A. Agentic Frameworks — LangGraph / LangChain (must) · ADK / A2A / AutoGen (nice)

Concept. LangGraph models an agent as a state graph: typed shared state, nodes (LLM calls / tools), and conditional + cyclic edges, with a checkpointer for durability and human-in-the-loop. LangChain supplies the primitives (tool binding, structured output, retrievers). ADK is Google's agent SDK; A2A is an open agent-to-agent interop protocol (agent cards, task lifecycle, message/artifact exchange). AutoGen favors conversational multi-agent loops.

Our anchor. agent-queue/ is a real multi-engine orchestrator (claude·codex·devin) with an explicit inbox→doing→done/failed state machine and requeue cycle — see 01-ecosystem-rag-fabric.md §3. packages/mcp-client + mcp-server provide tool binding; packages/llm-router is the model-selection layer a node would call.

Say this.

"LangGraph's value over a raw loop is typed state + conditional/cyclic edges + checkpointing — which is exactly the trio I'd want for a CRAG/Self-RAG loop that re-retrieves."
"I treat routing as a first-class node: a cheap classifier decides single-shot vs. multi-hop vs. tool-only, so I'm not paying for a full agent loop on a FAQ."
"For A2A I'd expose each of our product agents with an agent card (capabilities, auth, cost) so a supervisor agent can delegate — that's the natural evolution of agent-queue's engine flag."

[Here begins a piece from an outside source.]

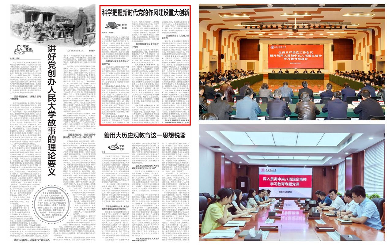 3月19日,学校正式启动深入贯彻中央八项规定精神学习教育。学校党委严格按照党中央和教育部有关工作要求,准确把握开展学习教育的目标要求,深刻领会习近平总书记关于加强党的作风建设的重要论述和中央八项规定及其实施细则精神,发布《深入贯彻中央八项规定精神学习教育简报》6期,各单位在全国高校思政网上发布学习动态和典型经验21篇。校领导班子成员为师生党员讲授专题党课11次,全校处级干部讲授专题党课290余次。《人民日报》《光明日报》《中国教育报》等中省主流媒体刊发我校理论文章10余篇。学校围绕招生、基建工程、师德师风、后勤管理、科研经费、校办企业等重点领域开展系统整治,校级领导班子集中整治台账中累计提出整改措施29项,各二级党委(党总支)与党政职能部门共制定整改措施500余项。
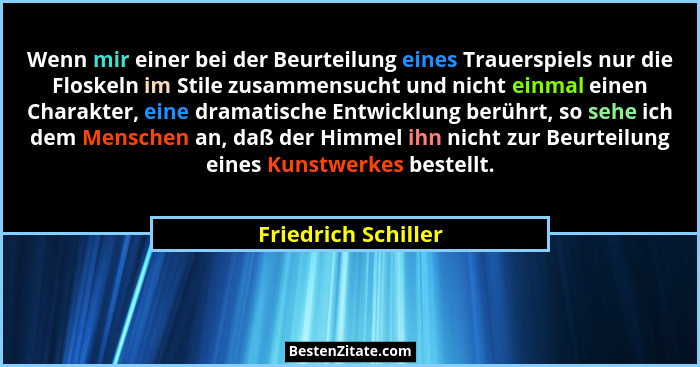 Wenn mir einer bei der Beurteilung eines Trauerspiels nur die Floskeln im Stile zusammensucht und nicht einmal einen Charakter, eine dramatische Entwicklung berührt, so sehe ich dem Menschen an, daß der Himmel ihn nicht zur Beurteilung eines Kunstwerkes bestellt.

Honest edge. "My shipped orchestration is framework-light by choice (bash-portable). The LangGraph port is scoped (04 §A); conceptually it's a 1:1 mapping, not new ground."

B. RAG Architecture — hybrid retrieval, reranking, HyDE, Self-RAG (must) · RAPTOR, multimodal (nice)

Concept.

Hybrid retrieval = dense (vector) ⊕ sparse (BM25) ⊕ optionally graph, fused (RRF — reciprocal rank fusion) then reranked by a cross-encoder (scores the (query, passage) pair jointly; far more precise than bi-encoder similarity). ColBERT = late-interaction reranking (token-level MaxSim) — accurate and scalable.
Context compression = drop/condense retrieved spans to fit the budget and reduce distraction.
HyDE = embed a hypothetical answer the LLM drafts, not the raw question — closes the query/document vocabulary gap.
CRAG = grade retrieved docs; if weak, correct (web/alt-source or rewrite) before generating.
Self-RAG = the model emits reflection tokens deciding whether to retrieve and whether its draft is supported, looping if not.
RAPTOR = recursively cluster + summarize chunks into a tree; retrieve at the abstraction level the query needs (great for "summarize this 200-page filing").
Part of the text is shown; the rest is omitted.